Task: In the material below, find the line containing "Beldede bulunan 5" and the line containing "放假时间:2026年1月1日(星期四)至1月3日(星期六)". Output those two lines and all lines between them exactly, without pictures.

Data provided Start Marker

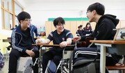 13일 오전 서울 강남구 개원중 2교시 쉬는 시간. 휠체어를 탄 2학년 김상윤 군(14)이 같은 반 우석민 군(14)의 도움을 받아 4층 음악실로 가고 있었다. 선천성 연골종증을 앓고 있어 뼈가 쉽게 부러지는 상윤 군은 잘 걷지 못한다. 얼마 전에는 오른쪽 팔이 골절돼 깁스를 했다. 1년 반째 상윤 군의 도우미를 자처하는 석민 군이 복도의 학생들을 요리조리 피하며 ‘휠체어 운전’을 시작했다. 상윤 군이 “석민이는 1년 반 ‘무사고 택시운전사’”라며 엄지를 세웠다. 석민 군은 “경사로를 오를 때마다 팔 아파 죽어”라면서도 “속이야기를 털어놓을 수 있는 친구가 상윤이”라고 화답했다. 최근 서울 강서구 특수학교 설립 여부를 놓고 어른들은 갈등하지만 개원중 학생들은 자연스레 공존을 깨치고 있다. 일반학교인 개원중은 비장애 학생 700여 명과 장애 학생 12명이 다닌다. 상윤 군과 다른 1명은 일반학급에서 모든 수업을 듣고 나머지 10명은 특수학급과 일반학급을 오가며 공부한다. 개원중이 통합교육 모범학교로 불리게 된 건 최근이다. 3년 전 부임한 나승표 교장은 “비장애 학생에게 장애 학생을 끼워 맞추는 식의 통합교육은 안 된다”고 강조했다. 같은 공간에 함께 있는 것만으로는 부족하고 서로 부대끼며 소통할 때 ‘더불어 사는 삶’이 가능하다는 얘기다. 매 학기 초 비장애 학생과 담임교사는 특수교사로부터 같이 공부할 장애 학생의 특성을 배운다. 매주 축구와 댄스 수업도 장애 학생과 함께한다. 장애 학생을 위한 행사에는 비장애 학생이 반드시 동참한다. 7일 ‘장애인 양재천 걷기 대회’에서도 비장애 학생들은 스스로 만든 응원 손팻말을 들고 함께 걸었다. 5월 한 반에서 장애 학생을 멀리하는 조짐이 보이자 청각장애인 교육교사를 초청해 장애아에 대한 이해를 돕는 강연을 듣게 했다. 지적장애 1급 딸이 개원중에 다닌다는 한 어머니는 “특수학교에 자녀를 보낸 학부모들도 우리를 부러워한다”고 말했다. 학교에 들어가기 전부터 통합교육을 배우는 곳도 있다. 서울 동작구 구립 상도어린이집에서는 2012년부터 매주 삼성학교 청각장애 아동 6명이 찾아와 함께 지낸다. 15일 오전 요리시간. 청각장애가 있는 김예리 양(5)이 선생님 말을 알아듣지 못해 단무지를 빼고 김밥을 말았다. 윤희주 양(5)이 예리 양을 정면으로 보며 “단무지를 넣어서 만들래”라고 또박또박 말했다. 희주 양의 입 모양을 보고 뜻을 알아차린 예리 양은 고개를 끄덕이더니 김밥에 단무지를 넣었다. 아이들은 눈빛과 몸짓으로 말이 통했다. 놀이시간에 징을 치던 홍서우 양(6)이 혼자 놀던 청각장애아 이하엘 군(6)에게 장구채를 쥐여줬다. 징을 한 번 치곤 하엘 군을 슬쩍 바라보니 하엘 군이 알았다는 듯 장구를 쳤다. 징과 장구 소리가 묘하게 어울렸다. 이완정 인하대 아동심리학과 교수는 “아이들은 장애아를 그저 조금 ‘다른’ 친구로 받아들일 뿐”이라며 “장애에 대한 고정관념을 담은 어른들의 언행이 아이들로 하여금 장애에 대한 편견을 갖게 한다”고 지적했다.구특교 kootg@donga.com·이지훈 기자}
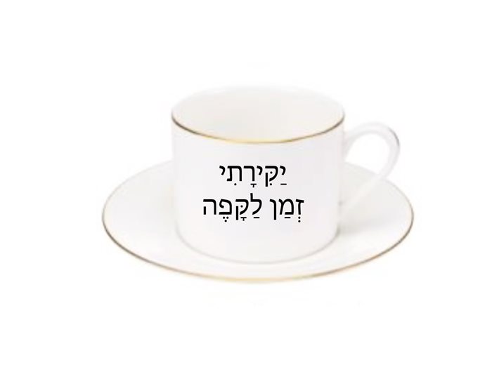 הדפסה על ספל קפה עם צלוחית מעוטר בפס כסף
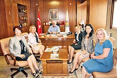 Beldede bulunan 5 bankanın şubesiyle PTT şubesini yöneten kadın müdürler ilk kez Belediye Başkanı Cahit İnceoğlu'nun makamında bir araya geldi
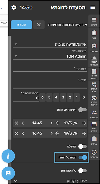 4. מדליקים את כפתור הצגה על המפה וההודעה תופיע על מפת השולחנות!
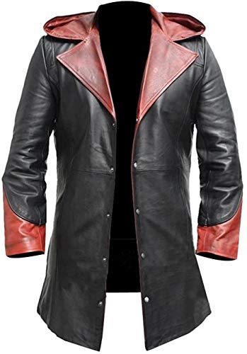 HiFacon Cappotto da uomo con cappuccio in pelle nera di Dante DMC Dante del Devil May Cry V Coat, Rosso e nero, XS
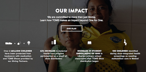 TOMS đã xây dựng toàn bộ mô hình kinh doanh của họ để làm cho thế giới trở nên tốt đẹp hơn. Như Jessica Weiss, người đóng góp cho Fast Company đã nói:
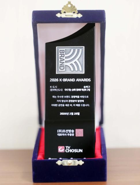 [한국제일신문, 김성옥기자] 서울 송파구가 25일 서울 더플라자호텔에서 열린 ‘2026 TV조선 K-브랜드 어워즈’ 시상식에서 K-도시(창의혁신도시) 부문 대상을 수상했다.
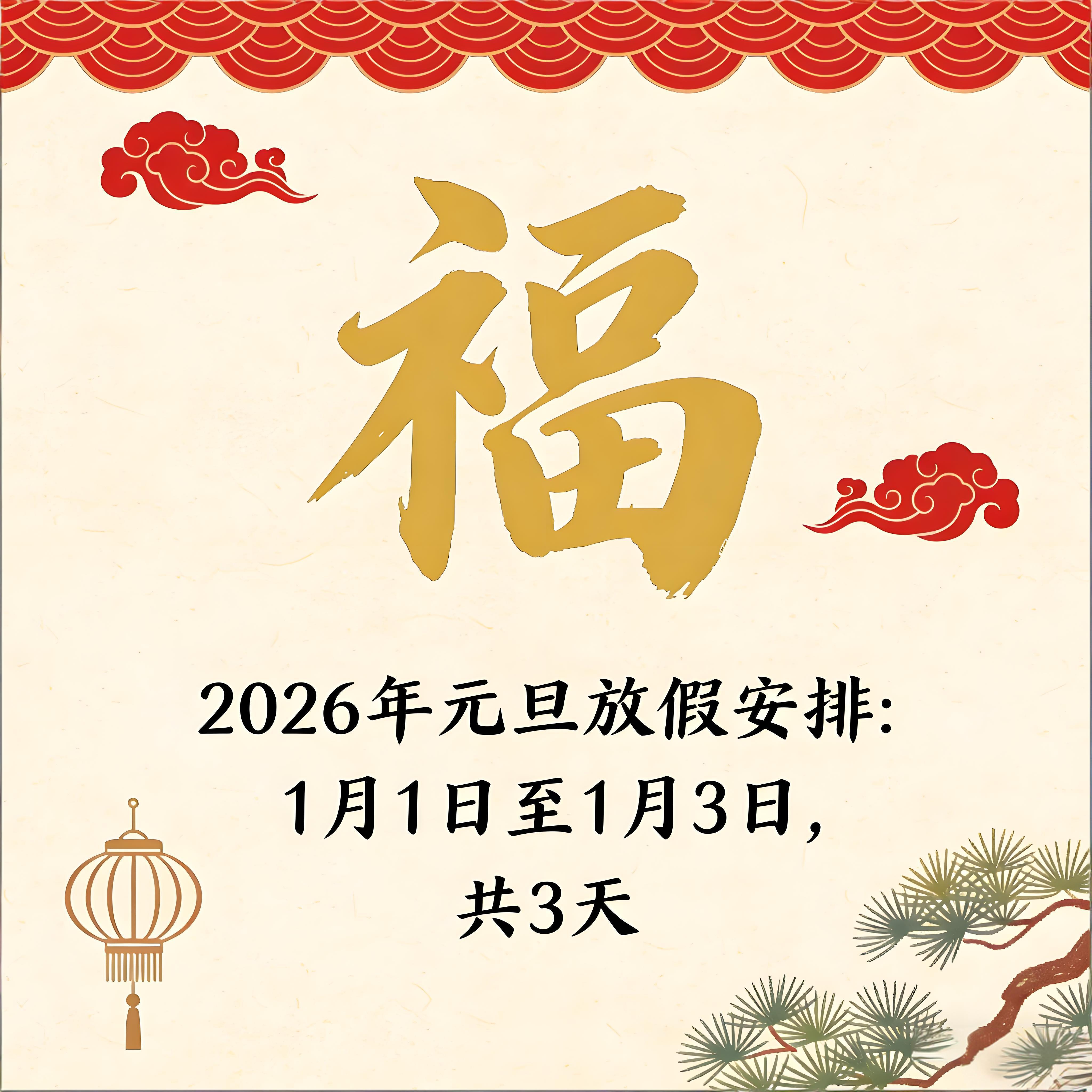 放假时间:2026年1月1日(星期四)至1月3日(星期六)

Data provided End Marker
Data provided Start Marker

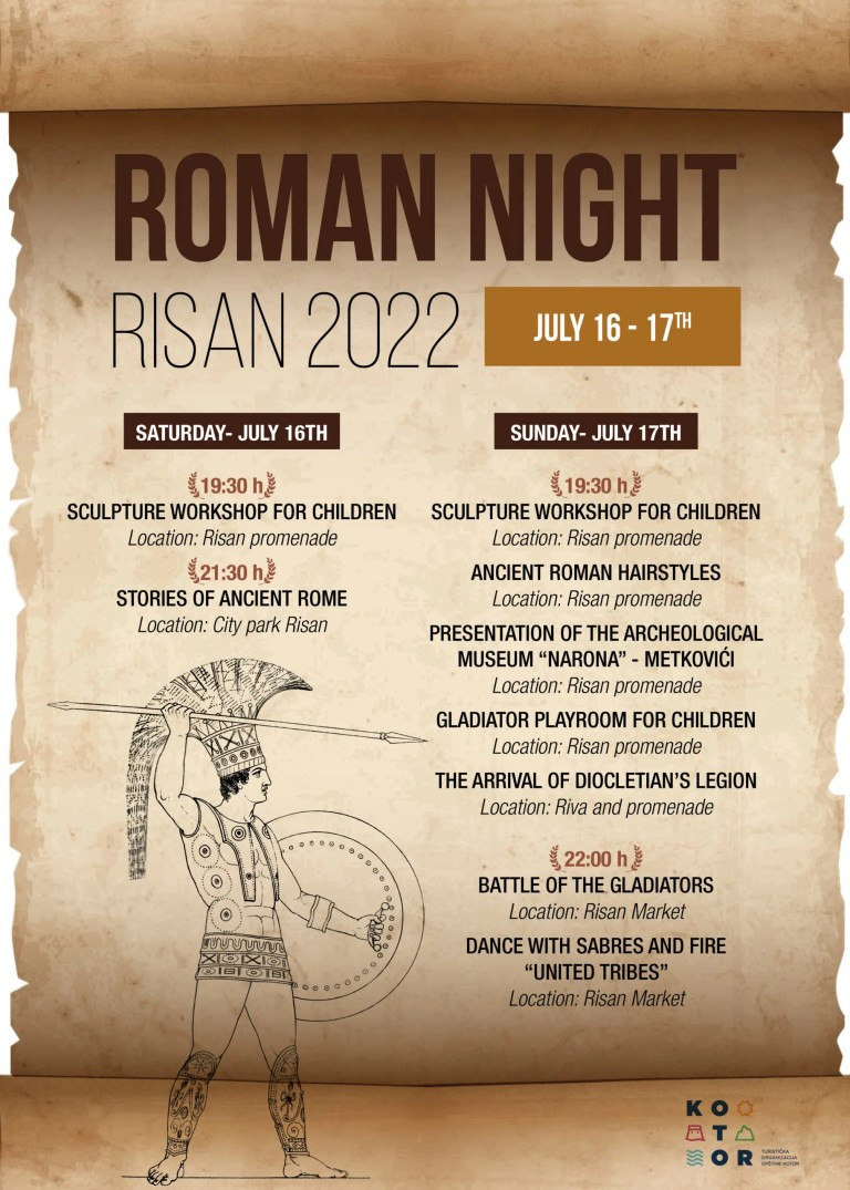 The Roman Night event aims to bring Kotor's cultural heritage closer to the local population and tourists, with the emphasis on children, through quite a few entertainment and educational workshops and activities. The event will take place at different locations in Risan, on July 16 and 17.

Data provided End Marker
Data provided Start Marker

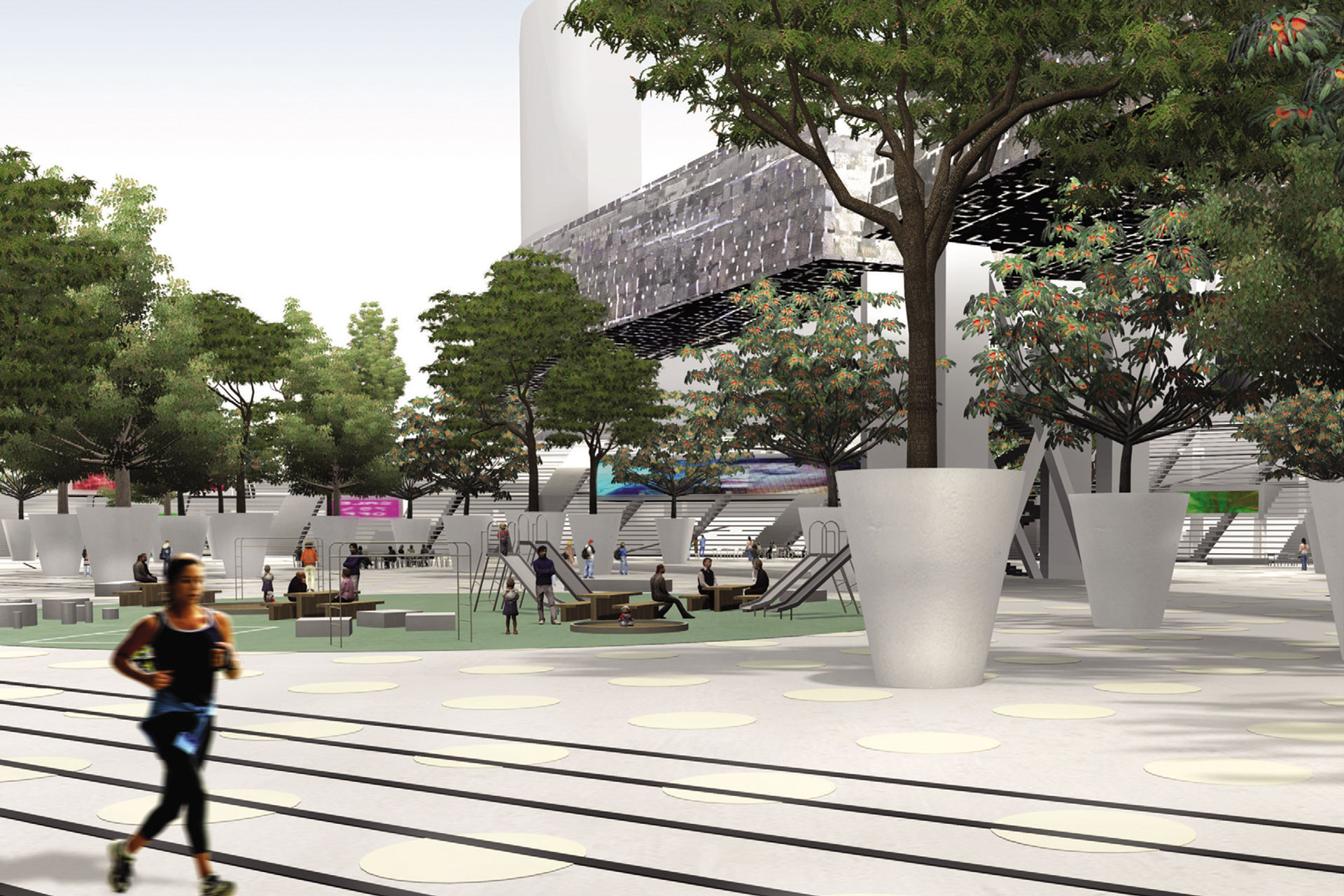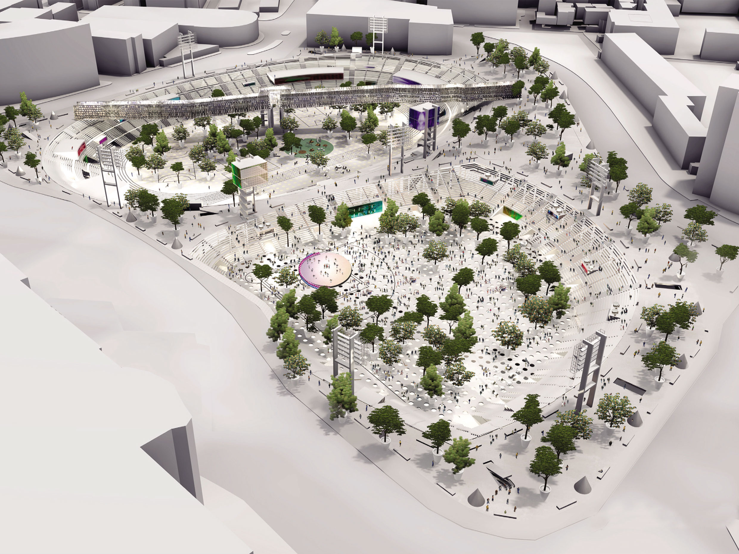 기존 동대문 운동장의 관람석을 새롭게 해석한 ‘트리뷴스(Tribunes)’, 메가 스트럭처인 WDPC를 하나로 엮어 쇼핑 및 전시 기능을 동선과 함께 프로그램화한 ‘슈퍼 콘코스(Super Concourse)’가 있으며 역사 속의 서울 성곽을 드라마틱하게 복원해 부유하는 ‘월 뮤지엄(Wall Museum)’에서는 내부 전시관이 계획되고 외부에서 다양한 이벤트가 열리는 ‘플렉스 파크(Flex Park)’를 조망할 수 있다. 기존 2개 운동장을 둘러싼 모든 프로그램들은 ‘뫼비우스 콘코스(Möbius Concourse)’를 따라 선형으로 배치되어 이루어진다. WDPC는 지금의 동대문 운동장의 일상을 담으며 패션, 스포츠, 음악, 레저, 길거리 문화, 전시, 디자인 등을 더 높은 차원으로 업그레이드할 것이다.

Data provided End Marker

Exercise solution:
 Beldede bulunan 5 bankanın şubesiyle PTT şubesini yöneten kadın müdürler ilk kez Belediye Başkanı Cahit İnceoğlu'nun makamında bir araya geldi
 4. מדליקים את כפתור הצגה על המפה וההודעה תופיע על מפת השולחנות!
 HiFacon Cappotto da uomo con cappuccio in pelle nera di Dante DMC Dante del Devil May Cry V Coat, Rosso e nero, XS
 TOMS đã xây dựng toàn bộ mô hình kinh doanh của họ để làm cho thế giới trở nên tốt đẹp hơn. Như Jessica Weiss, người đóng góp cho Fast Company đã nói:
 [한국제일신문, 김성옥기자] 서울 송파구가 25일 서울 더플라자호텔에서 열린 ‘2026 TV조선 K-브랜드 어워즈’ 시상식에서 K-도시(창의혁신도시) 부문 대상을 수상했다.
 放假时间:2026年1月1日(星期四)至1月3日(星期六)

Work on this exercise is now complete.